------ PROVIDED MATERIAL

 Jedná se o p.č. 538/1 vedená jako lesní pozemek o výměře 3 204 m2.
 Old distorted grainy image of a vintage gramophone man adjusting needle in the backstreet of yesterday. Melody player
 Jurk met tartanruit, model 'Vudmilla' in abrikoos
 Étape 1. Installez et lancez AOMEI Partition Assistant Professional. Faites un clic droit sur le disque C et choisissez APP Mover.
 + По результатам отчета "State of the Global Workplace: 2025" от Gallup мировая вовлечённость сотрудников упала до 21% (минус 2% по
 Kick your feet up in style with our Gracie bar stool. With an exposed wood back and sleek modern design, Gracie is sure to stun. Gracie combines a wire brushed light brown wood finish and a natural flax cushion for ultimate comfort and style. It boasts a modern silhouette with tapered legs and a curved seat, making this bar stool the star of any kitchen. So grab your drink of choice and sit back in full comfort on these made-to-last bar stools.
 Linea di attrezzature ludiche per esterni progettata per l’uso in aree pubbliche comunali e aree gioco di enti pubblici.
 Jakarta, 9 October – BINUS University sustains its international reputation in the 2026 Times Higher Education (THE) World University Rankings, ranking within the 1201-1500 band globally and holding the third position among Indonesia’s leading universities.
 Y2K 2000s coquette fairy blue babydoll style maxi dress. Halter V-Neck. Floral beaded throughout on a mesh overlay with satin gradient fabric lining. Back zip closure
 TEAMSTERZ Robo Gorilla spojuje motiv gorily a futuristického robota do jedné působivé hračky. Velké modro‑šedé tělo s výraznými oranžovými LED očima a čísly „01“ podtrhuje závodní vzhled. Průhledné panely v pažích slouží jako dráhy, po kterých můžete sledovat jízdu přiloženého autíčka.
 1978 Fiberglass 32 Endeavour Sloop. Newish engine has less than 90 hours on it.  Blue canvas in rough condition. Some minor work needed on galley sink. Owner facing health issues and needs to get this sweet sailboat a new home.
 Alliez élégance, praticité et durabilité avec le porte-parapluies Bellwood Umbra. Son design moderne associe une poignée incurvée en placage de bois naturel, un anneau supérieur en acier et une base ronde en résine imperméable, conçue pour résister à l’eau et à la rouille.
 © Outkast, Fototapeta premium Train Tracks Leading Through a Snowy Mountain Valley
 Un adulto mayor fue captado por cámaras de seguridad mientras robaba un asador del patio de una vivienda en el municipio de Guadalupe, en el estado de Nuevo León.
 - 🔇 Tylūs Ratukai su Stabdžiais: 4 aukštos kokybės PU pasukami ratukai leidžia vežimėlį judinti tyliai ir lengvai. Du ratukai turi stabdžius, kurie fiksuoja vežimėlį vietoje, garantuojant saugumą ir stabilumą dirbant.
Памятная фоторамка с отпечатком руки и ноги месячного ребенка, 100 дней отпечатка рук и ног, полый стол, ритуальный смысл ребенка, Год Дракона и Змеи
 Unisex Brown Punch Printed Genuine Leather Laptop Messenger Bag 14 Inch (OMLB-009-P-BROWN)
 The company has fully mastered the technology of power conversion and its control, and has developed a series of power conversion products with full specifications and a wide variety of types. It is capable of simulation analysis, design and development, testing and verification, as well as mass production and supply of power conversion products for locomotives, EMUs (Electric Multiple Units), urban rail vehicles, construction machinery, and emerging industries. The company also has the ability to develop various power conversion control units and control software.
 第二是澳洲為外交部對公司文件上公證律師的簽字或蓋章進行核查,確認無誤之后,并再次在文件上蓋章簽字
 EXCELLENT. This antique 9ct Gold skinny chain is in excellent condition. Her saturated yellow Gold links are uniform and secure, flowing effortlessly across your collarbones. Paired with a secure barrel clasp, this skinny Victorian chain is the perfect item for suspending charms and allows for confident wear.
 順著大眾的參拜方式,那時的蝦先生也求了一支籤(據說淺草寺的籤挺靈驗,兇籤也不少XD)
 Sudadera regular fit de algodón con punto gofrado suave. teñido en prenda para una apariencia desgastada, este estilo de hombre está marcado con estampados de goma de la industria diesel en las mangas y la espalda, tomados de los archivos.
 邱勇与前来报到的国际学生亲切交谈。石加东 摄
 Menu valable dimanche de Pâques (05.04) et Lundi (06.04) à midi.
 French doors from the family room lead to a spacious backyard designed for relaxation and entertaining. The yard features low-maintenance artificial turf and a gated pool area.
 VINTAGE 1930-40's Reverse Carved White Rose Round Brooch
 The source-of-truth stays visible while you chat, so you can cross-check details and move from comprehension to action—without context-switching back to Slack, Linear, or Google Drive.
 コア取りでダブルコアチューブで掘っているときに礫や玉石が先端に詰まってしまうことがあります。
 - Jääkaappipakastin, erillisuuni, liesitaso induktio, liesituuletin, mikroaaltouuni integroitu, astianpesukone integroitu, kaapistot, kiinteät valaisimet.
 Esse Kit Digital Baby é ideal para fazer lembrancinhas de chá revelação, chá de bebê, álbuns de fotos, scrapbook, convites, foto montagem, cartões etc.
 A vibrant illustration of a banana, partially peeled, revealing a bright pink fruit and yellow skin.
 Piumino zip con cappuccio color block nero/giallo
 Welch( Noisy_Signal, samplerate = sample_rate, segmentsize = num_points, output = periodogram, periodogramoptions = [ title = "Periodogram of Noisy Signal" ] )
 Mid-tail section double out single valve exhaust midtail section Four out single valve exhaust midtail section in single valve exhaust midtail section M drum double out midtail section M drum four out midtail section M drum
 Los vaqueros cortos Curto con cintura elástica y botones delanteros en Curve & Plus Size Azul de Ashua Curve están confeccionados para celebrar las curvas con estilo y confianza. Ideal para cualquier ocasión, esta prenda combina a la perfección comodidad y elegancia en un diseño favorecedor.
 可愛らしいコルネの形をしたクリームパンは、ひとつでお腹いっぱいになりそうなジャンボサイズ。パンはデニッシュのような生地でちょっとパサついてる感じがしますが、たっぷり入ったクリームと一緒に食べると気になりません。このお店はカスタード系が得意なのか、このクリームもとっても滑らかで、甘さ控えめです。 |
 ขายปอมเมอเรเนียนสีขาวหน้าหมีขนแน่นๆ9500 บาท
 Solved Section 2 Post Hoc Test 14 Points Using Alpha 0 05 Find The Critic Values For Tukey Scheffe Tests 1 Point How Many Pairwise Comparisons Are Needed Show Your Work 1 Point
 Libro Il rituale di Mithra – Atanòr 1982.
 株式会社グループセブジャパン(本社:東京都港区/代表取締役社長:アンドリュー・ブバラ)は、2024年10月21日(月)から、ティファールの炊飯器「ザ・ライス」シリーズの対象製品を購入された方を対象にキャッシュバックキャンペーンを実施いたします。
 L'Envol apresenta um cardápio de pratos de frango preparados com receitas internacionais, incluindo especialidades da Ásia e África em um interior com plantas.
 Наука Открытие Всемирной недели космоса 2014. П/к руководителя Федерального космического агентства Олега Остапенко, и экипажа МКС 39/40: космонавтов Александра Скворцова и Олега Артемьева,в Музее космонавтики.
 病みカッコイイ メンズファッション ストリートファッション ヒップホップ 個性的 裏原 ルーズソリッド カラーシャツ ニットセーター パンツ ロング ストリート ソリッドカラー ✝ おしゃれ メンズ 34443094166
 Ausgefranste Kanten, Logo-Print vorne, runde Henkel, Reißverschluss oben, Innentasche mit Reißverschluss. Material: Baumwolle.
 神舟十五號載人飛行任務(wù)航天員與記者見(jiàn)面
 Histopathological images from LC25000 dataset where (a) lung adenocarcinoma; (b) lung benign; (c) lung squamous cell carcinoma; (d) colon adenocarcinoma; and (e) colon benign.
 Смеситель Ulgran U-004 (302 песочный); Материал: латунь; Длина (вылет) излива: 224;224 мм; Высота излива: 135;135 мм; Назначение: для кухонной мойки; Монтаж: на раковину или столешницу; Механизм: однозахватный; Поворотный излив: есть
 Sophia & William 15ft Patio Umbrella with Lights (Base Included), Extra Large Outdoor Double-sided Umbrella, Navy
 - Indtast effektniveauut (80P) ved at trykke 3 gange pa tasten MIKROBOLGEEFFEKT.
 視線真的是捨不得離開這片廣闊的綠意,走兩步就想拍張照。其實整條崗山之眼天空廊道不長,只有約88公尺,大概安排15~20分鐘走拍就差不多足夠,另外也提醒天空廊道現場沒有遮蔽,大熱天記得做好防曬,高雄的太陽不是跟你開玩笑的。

------------

▶ [TASK]
Quote exactly the stretch of lines above that starts at the first one and ends at the line with "Jurk met tartanruit, model", and nothing beyond it.

▶ [SOLVED EXERCISE]
 Jedná se o p.č. 538/1 vedená jako lesní pozemek o výměře 3 204 m2.
 Old distorted grainy image of a vintage gramophone man adjusting needle in the backstreet of yesterday. Melody player
 Jurk met tartanruit, model 'Vudmilla' in abrikoos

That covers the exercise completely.